DataFrame[business_id: string, name: string, city: string, stars: double, categories: array<string>, address: string, business_idn: double]

## Review Data

- Load the file ***yelp_academic_dataset_review.json*** and select the following columns:
    - user_id
    - business_id
    - stars
    - date

In [82]:
df_reviews = sqlc.read.json('./yelp_academic_dataset_review.json')
df_reviews = df_reviews.select(['user_id',
                                 'business_id',
                                 'stars',
                                 'date'])

In [83]:
df_reviews.take(1)

[Row(user_id='KpkOkG6RIf4Ra25Lhhxf1A', business_id='2aFiy99vNLklCx3T_tGS9A', stars=5, date='2011-10-10')]

### Keeping reviews for the chosen city only

- You are only interested in reviews of businesses you kept after filtering for category and city - how to filter out everything else? (hint: take a look at the ***join*** operation of DataFrames)

In [98]:
df_city_reviews = df_city_restaurants.select('business_id').join(df_reviews, on='business_id')
df_city_reviews = model_index.transform(df_city_reviews)

In [99]:
df_city_reviews.show(1)

+--------------------+--------------------+-----+----------+------------+
|         business_id|             user_id|stars|      date|business_idn|
+--------------------+--------------------+-----+----------+------------+
|-3pfhzz9CB7F2DpbF...|VRVCKQhYDCkzaEDce...|    5|2008-07-06|      1208.0|
+--------------------+--------------------+-----+----------+------------+
only showing top 1 row



### Generating numeric IDs

- As it happened with the ***business_id***, you also need to convert ***user_id*** into a numeric value - once again, use a ***StringIndexer*** to create a new column named ***user_idn*** containing the result of the conversion

In [100]:
indexer_users = StringIndexer(inputCol='user_id', outputCol='user_idn')
model_index_users = indexer_users.fit(df_city_reviews)

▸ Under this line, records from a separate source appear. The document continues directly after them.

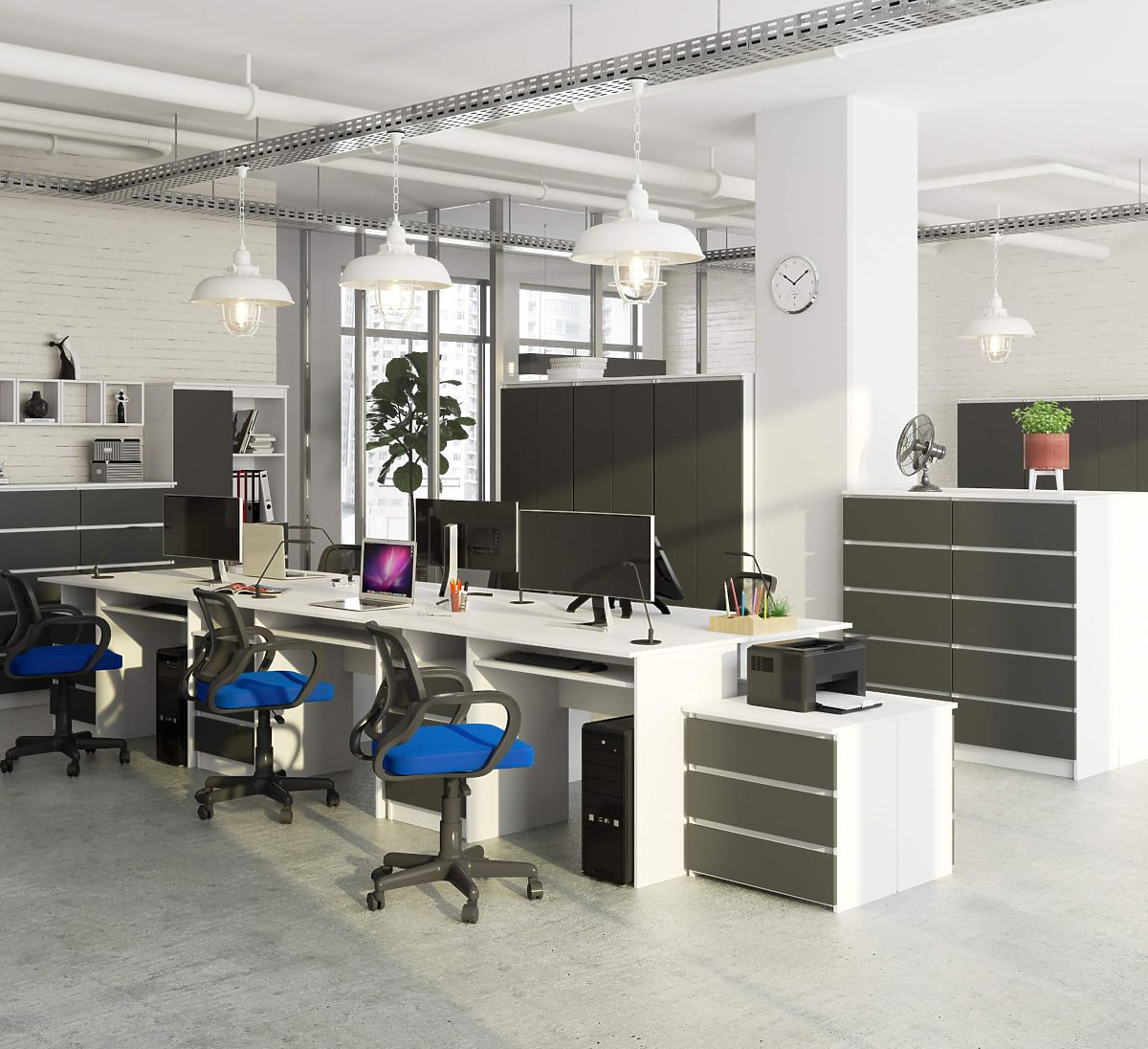 Writing desk with white body and graphite gray fronts. .. more
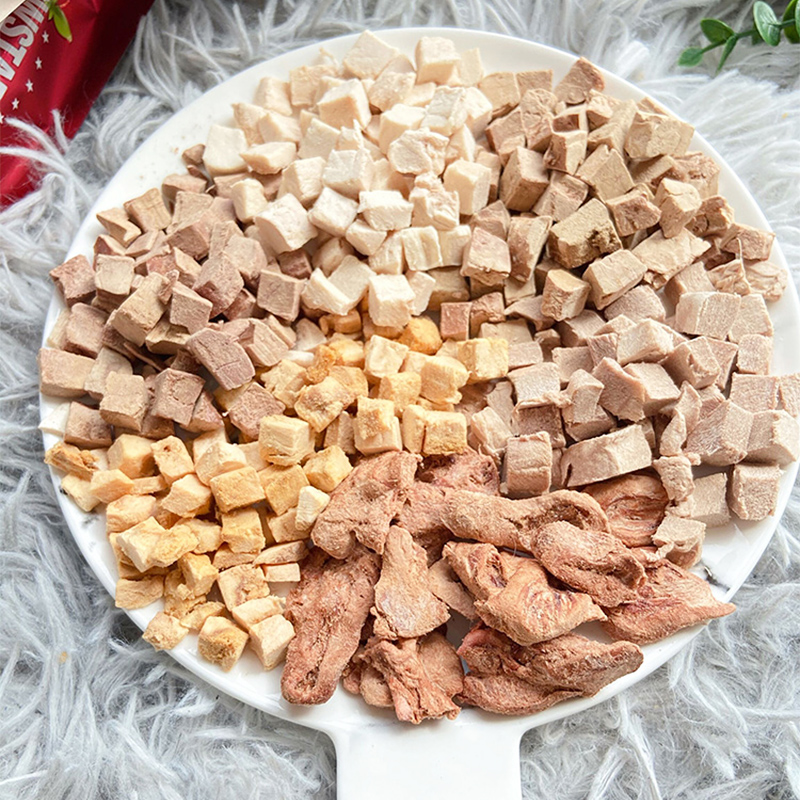 Chicken liver 80g chicken heart 80g duck meat 80g duck liver 80g cod fish 70g salmon 70g chicken 80g
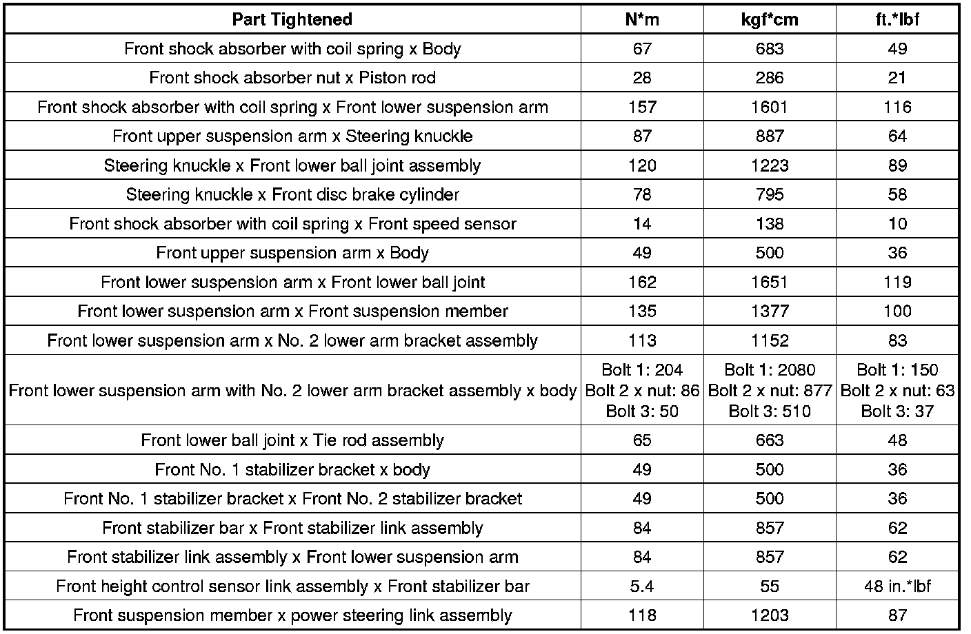 Torque Specifications
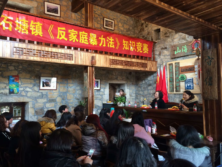 为积极策应《中华人民共和国反家庭暴力法》正式实施,加大普法宣传教育力度,提高妇女的反家庭暴力意识和能力,坚定她们更好发挥“自尊、自信、自立、自强”的精神,3月11日下午,一场围绕《反家庭暴力法》展开的知识竞赛在石塘镇东山村文化礼堂举行。此次竞赛分为必答题、抢答题和加分题三个环节进行,来自58个村居的妇女主任,以片为单位,分六组一决高下。
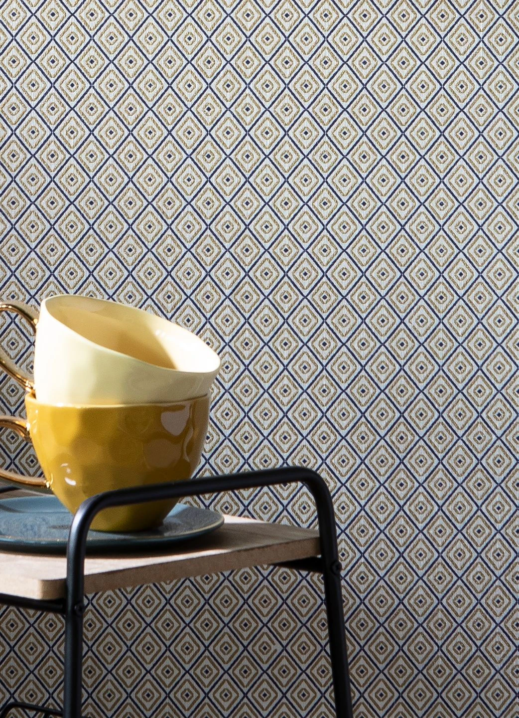 Eine Textiltapete voller Schick ist Calaluna mit ihren edlen Kettfäden, die wie ein feines Relief spürbar sind und den Gewebecharakter betonen. Aus dunkelblauen und weißen Fäden entsteht ein Muster von gleichmäßig angeordneten Rauten. Mattgoldene Fäden heben das Muster hervor und sorgen für einen sanften Schimmer in Ihren vier Wänden. Calaluna verbindet die Wärme und Stabilität des Textilmaterials mit einem Hauch von luxuriöser Eleganz.
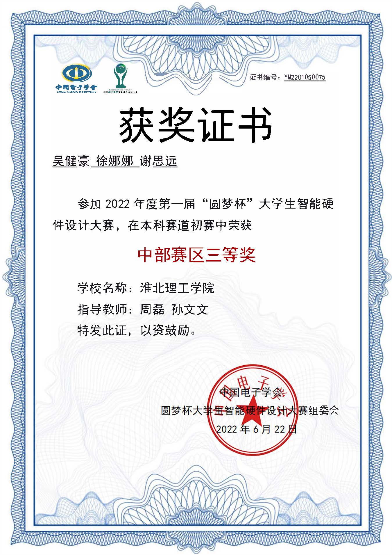 近日,由中国电子学会主办,北京航空航天大学、电子发烧友等单位承办的2022年第一届“圆梦杯全国大学生智能硬件设计大赛”的初赛落下帷幕。经过中部赛区(湖北、湖南、江西、河南、安徽)五个省份的激烈竞争后,我院电子信息工程1班吴健豪、谢思远、徐娜娜同学组成的本科参赛小组荣获了中部赛区的三等奖。
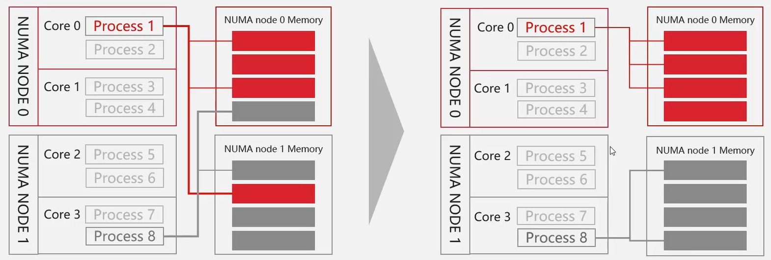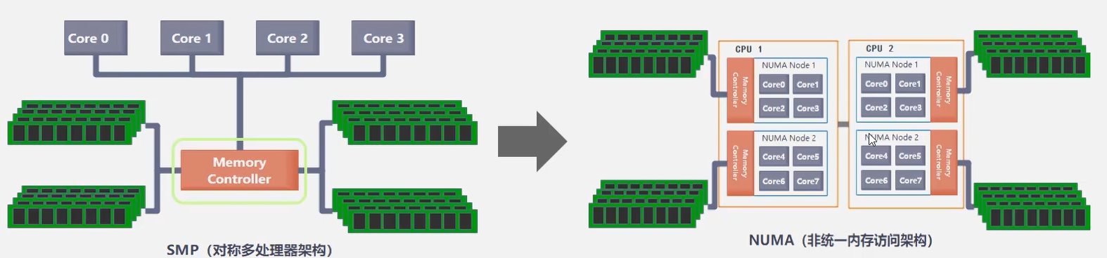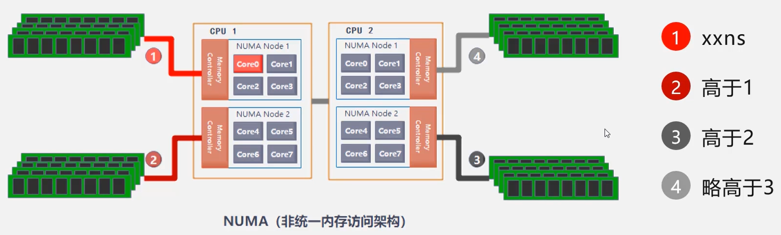 - 在SMP系统中,核数的扩展收到内存总线的限制。非统一内存访问架构(Non-uniform memory access)很好的解决了这一问题
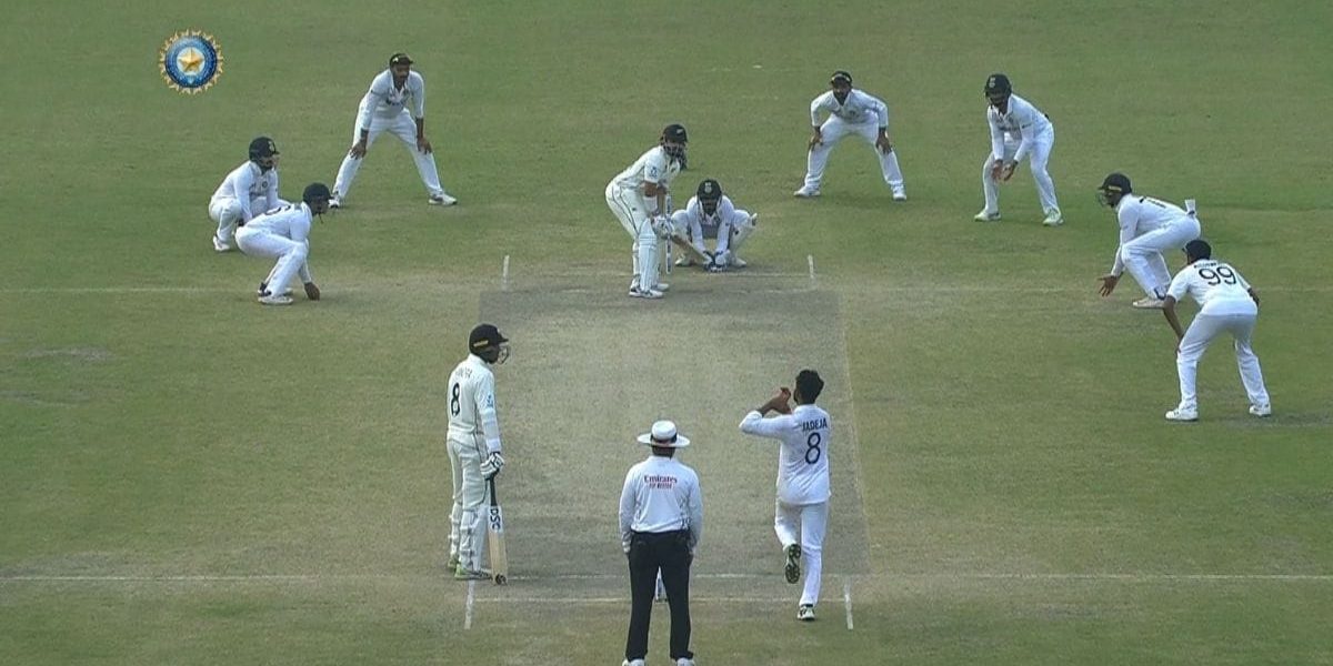 Although debutant Rachin Ravindra put up a great resistance, it seemed as if it was a matter of a moment before either he or Azaj would lose their wicket. That is when the bad light came into play. With their high-tech machinery, Umpire Nitin Menon kept checking the light’s condition between the over. And once Jadeja bowled the 94th over of the match, which Ajaz Patel safely negotiated, Menon consulted his partner Umpire Virendra Sharma to call it a day.
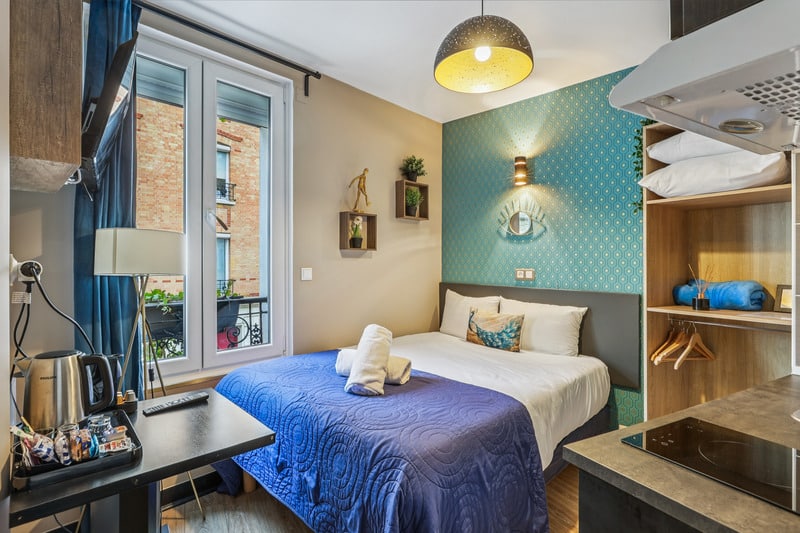 Ce studio double supérieur, situé au 106 rue de Paris, 92100 Boulogne-Billancourt, où l'enregistrement a également lieu, est équipé d'une télévision à écran plat, d'une kitchenette et d'une salle de bains privative.
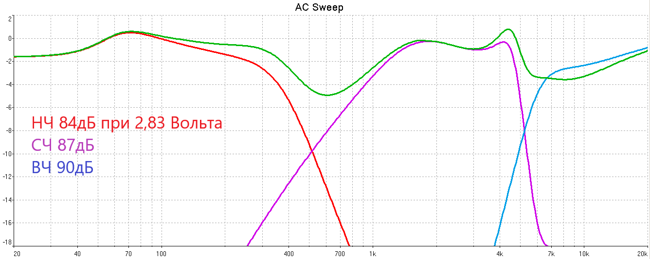 Как видите, для получения АЧХ, как у Виталия, требуются очень интересные чувствительности линейки динамиков, не совпадающие у СЧ на -3дБ, а у НЧ на -6дБ относительно даташита!
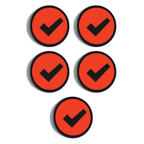Placa magnética redonda para colocar o fijar documentos en superficies metálicas. El color y el símbolo de verificación darán un pequeño toque alegre a sus carteles. Opte por una comunicación visual
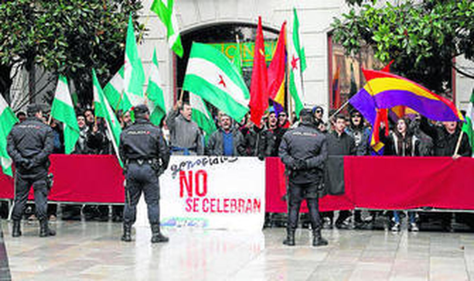 Cordón policial separando a los dos bandos, banderas al aire y acción para el 524 aniversario de la Toma. Todo estaba preparado desde primera hora de la mañana en la plaza del Ayuntamiento para acoger a los miles de asistentes que se congregan, aunque la presencia de público ayer fue algo más baja que en ediciones anteriores. Al lado izquierdo del balcón del Ayuntamiento, se situó de nuevo el grupo AntiToma con representantes de plataformas como Nación Andaluza que ondearon estandartes republicanos, comunistas, anarquistas y, sobre todo, de corte nacionalista andaluz. Con silbatos para boicotear los himnos y las marchas militares y una pancarta que rezaba "los genocidios no se celebran" rivalizaron con el grupo de los que estaban en frente de la fachada de la Casa Consistorial, los pertenecientes a grupos de extrema derecha.
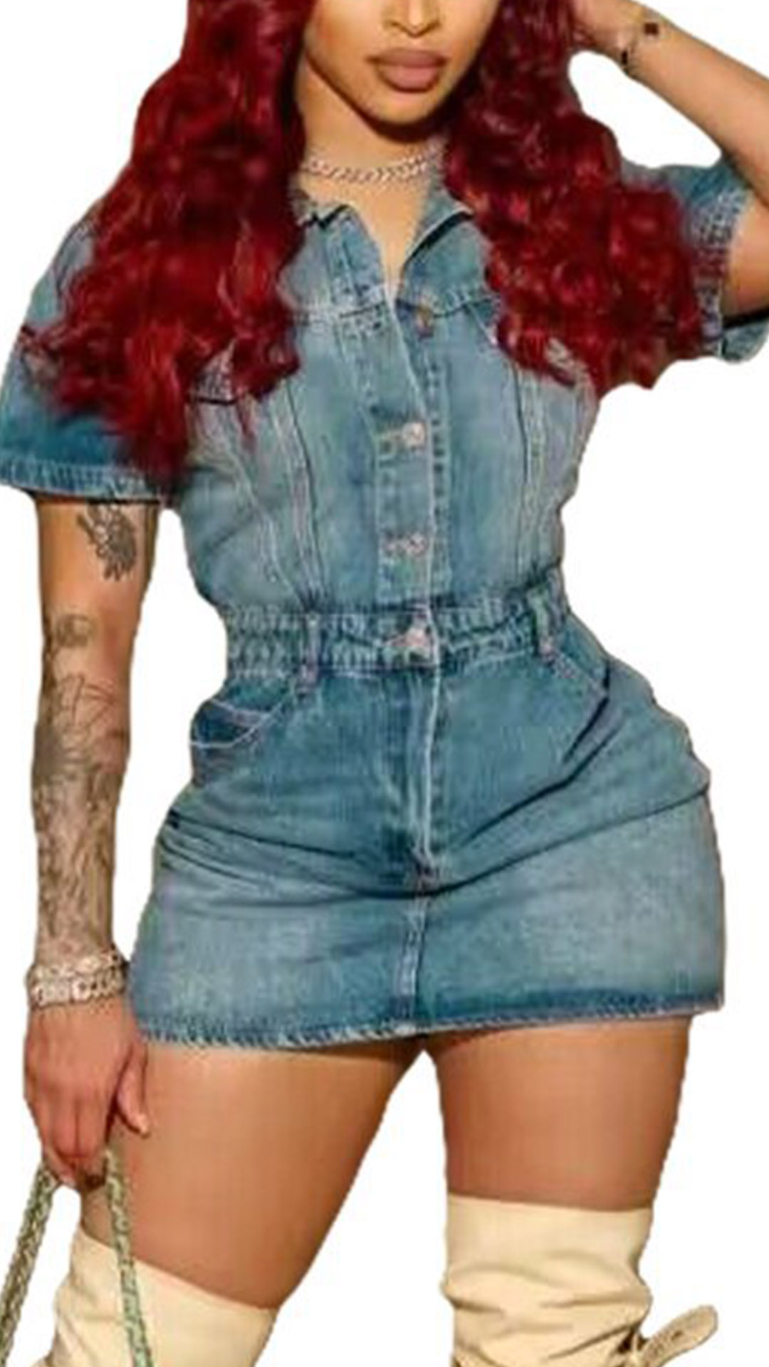 How about this denim dress? Crafted from high-quality old-washed denim fabric, this dress has a vintage and worn-in look that adds character and style. The stand collar adds a unique and fashion-forward element to the design, while the front button closure gives the dress a classic and timeless appeal. Wanna have one?
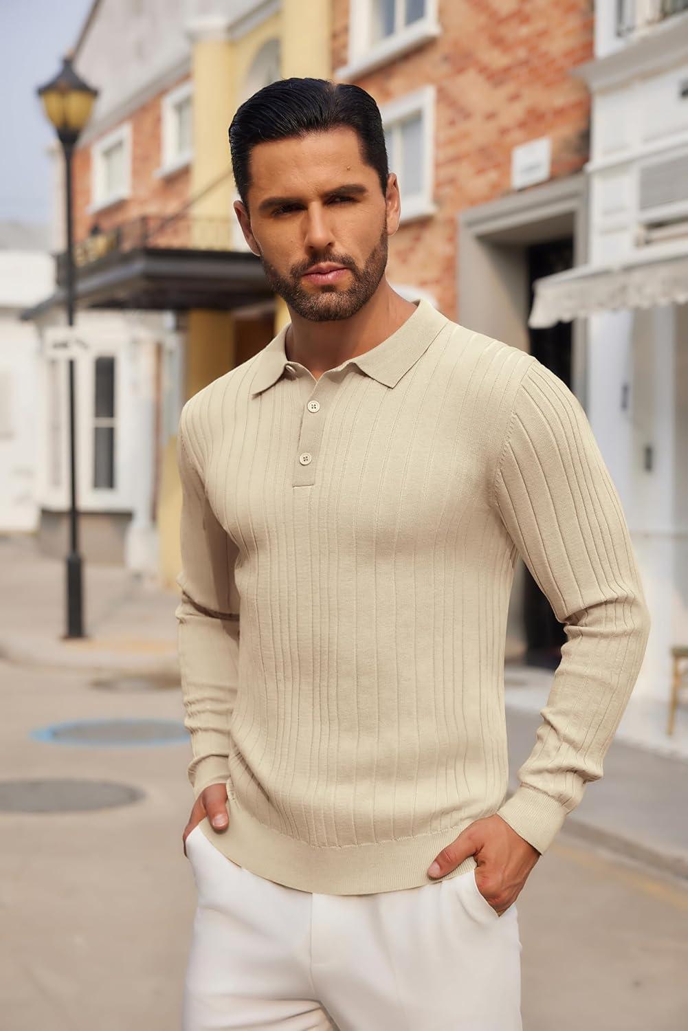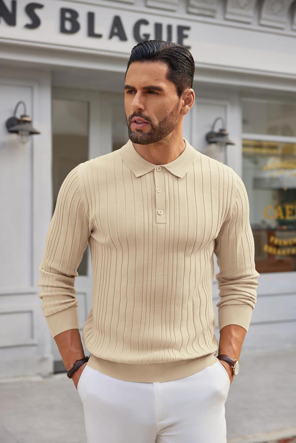 • COOFANDY Men’s Knitted Polo Neck Long Sleeve Winter Thermal Casual Sweater(Light Khaki)
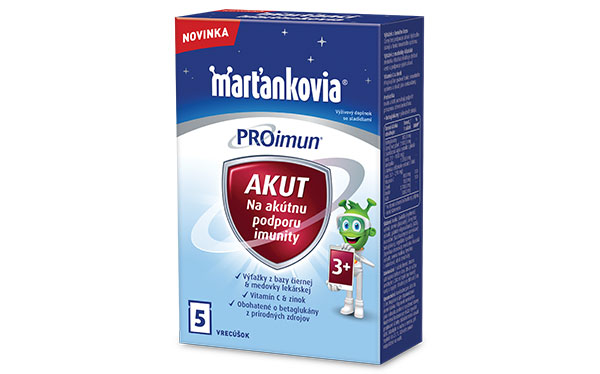 Vitamín C, zinok a výťažok z bazy čiernej obsiahnuté v produkte Marťankovia PROimun AKUT prispievajú k správnemu fungovaniu imunitného systému. Medovka lekárska upokojuje dýchacie cesty a podporuje ich zdravie. Inulín a GOS pomáhajú podporovať prirodzenú intestinálnu mikroflóru.
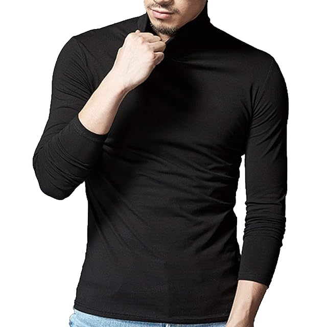 [ユニベイズ] タートルネック メンズ 長袖 Tシャツ インナー 薄手 綿 ハイネック (2XL, ブラック)
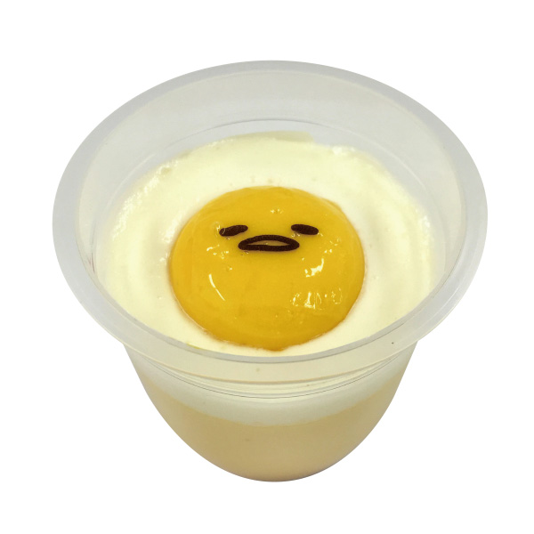 なめらかなプリンの上には、たっぷりのクリームとやる気のなさそうなぐでたまがのっています。

df_city_reviews = model_index_users.transform(df_city_reviews)

In [101]:
df_city_reviews.show(1)

+--------------------+--------------------+-----+----------+------------+--------+
|         business_id|             user_id|stars|      date|business_idn|user_idn|
+--------------------+--------------------+-----+----------+------------+--------+
|-3pfhzz9CB7F2DpbF...|VRVCKQhYDCkzaEDce...|    5|2008-07-06|      1208.0|    63.0|
+--------------------+--------------------+-----+----------+------------+--------+
only showing top 1 row



In [102]:
df_city_reviews.cache()

DataFrame[business_id: string, user_id: string, stars: bigint, date: string, business_idn: double, user_idn: double]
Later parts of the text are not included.